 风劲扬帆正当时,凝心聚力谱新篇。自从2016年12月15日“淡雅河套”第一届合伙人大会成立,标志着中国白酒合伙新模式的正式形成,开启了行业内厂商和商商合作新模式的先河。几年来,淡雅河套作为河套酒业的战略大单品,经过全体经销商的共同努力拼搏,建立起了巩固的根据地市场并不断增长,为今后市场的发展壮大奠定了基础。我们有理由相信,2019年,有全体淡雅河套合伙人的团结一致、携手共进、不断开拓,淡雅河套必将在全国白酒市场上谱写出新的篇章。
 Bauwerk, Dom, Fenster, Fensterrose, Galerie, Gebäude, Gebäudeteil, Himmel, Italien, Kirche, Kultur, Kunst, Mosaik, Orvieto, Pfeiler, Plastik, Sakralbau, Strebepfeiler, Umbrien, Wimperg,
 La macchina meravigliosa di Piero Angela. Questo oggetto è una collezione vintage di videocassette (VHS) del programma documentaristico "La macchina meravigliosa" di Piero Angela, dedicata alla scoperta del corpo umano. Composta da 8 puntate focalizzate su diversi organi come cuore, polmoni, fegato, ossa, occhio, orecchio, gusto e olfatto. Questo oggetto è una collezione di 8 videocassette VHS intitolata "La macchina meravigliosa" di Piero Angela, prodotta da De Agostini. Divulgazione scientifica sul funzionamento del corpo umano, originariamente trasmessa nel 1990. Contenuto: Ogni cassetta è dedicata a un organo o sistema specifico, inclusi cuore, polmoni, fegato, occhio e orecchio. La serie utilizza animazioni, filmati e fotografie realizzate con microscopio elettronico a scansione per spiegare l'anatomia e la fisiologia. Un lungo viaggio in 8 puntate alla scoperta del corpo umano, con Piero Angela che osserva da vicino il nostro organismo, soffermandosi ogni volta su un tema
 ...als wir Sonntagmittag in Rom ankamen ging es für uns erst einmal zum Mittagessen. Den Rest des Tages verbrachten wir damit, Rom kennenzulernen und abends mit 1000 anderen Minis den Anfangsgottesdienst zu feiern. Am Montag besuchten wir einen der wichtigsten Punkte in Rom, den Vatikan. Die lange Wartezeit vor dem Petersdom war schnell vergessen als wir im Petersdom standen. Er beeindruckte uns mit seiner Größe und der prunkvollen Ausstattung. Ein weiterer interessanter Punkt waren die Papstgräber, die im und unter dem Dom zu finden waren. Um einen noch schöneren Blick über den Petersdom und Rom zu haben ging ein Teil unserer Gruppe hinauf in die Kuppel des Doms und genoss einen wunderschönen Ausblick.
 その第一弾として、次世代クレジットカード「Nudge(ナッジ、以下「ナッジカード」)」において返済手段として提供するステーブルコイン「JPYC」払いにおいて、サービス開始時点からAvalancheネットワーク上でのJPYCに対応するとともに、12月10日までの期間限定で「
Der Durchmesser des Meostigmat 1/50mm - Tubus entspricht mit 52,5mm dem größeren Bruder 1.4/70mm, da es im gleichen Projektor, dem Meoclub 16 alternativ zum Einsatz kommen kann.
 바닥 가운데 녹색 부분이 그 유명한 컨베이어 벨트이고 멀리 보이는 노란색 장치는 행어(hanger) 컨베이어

...

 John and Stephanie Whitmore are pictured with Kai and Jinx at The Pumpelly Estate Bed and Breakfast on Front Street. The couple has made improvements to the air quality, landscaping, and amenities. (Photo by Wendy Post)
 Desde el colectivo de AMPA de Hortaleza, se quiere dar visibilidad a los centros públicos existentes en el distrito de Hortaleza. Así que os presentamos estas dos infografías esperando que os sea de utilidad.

--

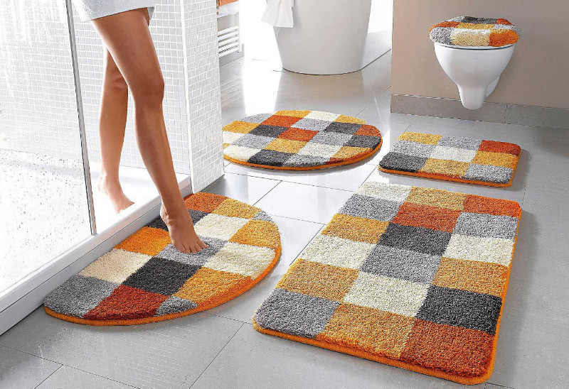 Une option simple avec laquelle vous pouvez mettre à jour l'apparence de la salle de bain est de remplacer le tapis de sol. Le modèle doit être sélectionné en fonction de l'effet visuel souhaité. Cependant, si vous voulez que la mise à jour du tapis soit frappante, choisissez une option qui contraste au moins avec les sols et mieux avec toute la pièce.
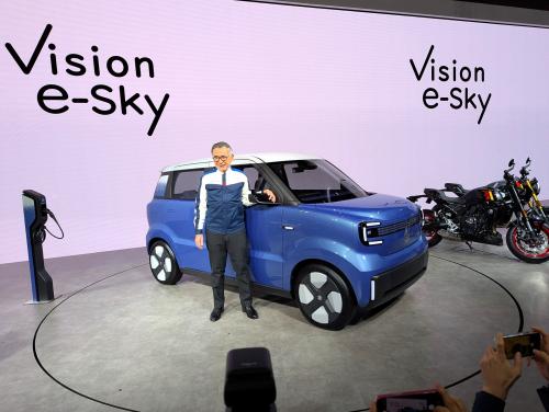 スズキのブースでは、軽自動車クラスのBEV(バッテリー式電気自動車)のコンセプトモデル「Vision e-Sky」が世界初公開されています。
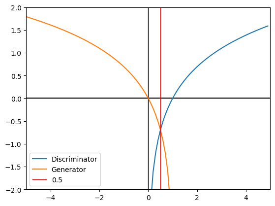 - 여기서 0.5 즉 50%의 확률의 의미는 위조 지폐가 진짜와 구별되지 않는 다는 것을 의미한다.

Task description: Begin with the line above that has "风劲扬帆正当时,凝心聚力谱新" and continue through the line that has "La macchina meravigliosa di", setting each one down exactly. Stop there.

Written response:
 风劲扬帆正当时,凝心聚力谱新篇。自从2016年12月15日“淡雅河套”第一届合伙人大会成立,标志着中国白酒合伙新模式的正式形成,开启了行业内厂商和商商合作新模式的先河。几年来,淡雅河套作为河套酒业的战略大单品,经过全体经销商的共同努力拼搏,建立起了巩固的根据地市场并不断增长,为今后市场的发展壮大奠定了基础。我们有理由相信,2019年,有全体淡雅河套合伙人的团结一致、携手共进、不断开拓,淡雅河套必将在全国白酒市场上谱写出新的篇章。
 Bauwerk, Dom, Fenster, Fensterrose, Galerie, Gebäude, Gebäudeteil, Himmel, Italien, Kirche, Kultur, Kunst, Mosaik, Orvieto, Pfeiler, Plastik, Sakralbau, Strebepfeiler, Umbrien, Wimperg,
 La macchina meravigliosa di Piero Angela. Questo oggetto è una collezione vintage di videocassette (VHS) del programma documentaristico "La macchina meravigliosa" di Piero Angela, dedicata alla scoperta del corpo umano. Composta da 8 puntate focalizzate su diversi organi come cuore, polmoni, fegato, ossa, occhio, orecchio, gusto e olfatto. Questo oggetto è una collezione di 8 videocassette VHS intitolata "La macchina meravigliosa" di Piero Angela, prodotta da De Agostini. Divulgazione scientifica sul funzionamento del corpo umano, originariamente trasmessa nel 1990. Contenuto: Ogni cassetta è dedicata a un organo o sistema specifico, inclusi cuore, polmoni, fegato, occhio e orecchio. La serie utilizza animazioni, filmati e fotografie realizzate con microscopio elettronico a scansione per spiegare l'anatomia e la fisiologia. Un lungo viaggio in 8 puntate alla scoperta del corpo umano, con Piero Angela che osserva da vicino il nostro organismo, soffermandosi ogni volta su un tema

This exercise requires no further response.